When using an LRU cache with a max size of 1, logic like this will prevent exponential time blowup, but still causes undesirable cache misses.

```py
@cash
def pv_net_cf():
    return pv_premiums() - pv_claims() - pv_expenses() - pv_commissions()
```

Consider that after we calculate pv_premiums, `pols_if(max_proj_len-1)` will be the only cached value for `pols_if`. When we calculate `pv_claims`, `pv_expenses`, and `pv_commissions`, all calls to `pols_if` will be cache misses.

```py
...
@cash
def pv_premiums():
    return sum(premiums(t) * discount(t) for t in range(max_proj_len))
@cash
def pv_claims():
    return sum(claims(t) * discount(t) for t in range(max_proj_len))
...
```

See below that the LRU cache causes major performance degradations.

In [8]:
%%timeit
# Cache does not evict
cash.reset(dict)
pv_net_cf1()

515 ms ± 46 ms per loop (mean ± std. dev. of 7 runs, 1 loop each)


In [9]:
%%timeit
# LRU Cache without code modifications to optimize cache misses
cash.reset(lambda: LRU(1))
pv_net_cf1()

1.16 s ± 82.4 ms per loop (mean ± std. dev. of 7 runs, 1 loop each)

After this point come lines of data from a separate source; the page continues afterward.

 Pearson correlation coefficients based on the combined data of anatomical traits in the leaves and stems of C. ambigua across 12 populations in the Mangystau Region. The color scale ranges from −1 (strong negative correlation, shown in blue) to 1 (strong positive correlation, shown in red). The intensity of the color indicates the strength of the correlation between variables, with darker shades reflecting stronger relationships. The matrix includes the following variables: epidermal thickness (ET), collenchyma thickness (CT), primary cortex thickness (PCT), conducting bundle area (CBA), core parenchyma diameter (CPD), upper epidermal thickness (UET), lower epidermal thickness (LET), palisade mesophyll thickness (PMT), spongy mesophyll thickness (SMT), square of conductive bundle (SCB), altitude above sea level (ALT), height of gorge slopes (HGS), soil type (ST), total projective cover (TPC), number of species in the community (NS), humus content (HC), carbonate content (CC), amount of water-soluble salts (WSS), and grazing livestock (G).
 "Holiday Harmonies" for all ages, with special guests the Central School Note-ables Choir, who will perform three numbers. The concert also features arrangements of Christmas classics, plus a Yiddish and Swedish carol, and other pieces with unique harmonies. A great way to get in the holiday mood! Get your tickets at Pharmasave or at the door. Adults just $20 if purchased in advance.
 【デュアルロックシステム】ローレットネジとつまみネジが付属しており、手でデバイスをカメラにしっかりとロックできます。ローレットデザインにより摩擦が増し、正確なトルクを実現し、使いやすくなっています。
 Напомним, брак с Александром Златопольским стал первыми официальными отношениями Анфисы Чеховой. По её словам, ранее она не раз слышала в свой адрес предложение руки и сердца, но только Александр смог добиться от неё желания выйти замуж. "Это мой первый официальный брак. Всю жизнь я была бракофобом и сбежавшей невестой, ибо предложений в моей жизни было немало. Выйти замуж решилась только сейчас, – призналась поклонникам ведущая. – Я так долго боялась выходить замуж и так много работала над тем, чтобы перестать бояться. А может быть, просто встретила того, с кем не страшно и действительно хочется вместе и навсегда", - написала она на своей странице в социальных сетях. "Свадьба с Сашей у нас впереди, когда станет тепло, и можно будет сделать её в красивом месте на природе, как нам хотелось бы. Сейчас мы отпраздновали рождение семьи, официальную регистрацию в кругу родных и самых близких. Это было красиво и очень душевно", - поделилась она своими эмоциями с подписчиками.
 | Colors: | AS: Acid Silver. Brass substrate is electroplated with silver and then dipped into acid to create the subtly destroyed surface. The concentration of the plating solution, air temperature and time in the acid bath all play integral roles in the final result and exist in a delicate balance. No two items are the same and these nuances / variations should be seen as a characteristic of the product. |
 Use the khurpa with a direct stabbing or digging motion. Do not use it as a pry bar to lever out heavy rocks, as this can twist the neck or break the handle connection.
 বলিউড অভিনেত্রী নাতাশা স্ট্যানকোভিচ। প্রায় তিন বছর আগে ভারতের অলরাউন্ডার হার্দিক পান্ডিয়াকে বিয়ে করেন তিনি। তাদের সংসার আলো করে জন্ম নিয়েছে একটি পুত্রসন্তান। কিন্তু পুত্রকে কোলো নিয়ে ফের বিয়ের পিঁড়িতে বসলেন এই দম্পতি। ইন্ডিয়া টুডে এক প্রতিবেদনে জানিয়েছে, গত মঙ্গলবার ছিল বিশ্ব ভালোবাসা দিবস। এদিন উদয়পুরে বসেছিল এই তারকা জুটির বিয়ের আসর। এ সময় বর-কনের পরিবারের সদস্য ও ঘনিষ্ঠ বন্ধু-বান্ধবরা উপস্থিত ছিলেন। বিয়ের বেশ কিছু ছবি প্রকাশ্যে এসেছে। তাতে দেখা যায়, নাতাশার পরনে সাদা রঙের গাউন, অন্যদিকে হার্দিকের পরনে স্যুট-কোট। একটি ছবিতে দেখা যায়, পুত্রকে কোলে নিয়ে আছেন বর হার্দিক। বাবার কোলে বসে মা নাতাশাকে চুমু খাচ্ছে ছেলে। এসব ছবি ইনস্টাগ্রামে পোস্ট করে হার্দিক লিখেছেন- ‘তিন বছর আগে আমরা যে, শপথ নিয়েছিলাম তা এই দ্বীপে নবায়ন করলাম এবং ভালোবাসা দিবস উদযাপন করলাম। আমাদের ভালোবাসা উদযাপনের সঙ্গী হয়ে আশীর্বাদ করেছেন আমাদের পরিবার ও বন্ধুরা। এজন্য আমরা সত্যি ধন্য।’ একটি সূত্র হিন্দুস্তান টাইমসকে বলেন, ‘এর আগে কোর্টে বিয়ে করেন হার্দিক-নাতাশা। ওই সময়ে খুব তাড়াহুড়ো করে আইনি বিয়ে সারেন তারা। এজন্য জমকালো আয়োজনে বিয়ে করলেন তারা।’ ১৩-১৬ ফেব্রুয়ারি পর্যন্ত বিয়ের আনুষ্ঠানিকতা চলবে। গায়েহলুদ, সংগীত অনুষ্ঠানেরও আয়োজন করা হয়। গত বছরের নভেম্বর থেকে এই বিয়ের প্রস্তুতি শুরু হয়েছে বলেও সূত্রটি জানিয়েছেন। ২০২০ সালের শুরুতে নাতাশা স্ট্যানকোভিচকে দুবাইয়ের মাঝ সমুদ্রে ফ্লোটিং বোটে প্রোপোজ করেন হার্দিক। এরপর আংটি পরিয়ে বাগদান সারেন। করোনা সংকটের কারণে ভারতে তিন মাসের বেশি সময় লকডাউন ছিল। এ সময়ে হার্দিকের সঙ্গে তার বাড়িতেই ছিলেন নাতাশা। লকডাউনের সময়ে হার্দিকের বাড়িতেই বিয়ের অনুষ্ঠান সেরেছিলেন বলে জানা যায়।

We can avoid this situation with a slight refactoring - 

```py
@cash
def net_cf(t):
    return premiums(t) - claims(t) - expenses(t) - commissions(t)
@cash
def pv_net_cf():
    return sum(net_cf(t) * discount(t) for t in range(max_proj_len))
```

In [10]:
%%timeit
# LRU Cache with code modifications to optimize cache misses
cash.reset(lambda: LRU(1))
pv_net_cf3()

680 ms ± 130 ms per loop (mean ± std. dev. of 7 runs, 1 loop each)


The non-evicting cache `cache.reset(dict)` has only one cache miss for each function. The LRU cache even with the optimizations discussed will have two cache misses as two passes are required. One pass for the net premium calculation and one pass for the net cashflows.

Despite these cache misses, it is not **twice** as slow, which is was what I was expecting.

## Memory utilization

The LRU(1) should keep the calculations to $O(P)$ memory complexity, which we expect to reduce memory consumption by a factor of 1000 for models with 1000 timesteps.

TODO: Run experiments and get results for actual memory utilization.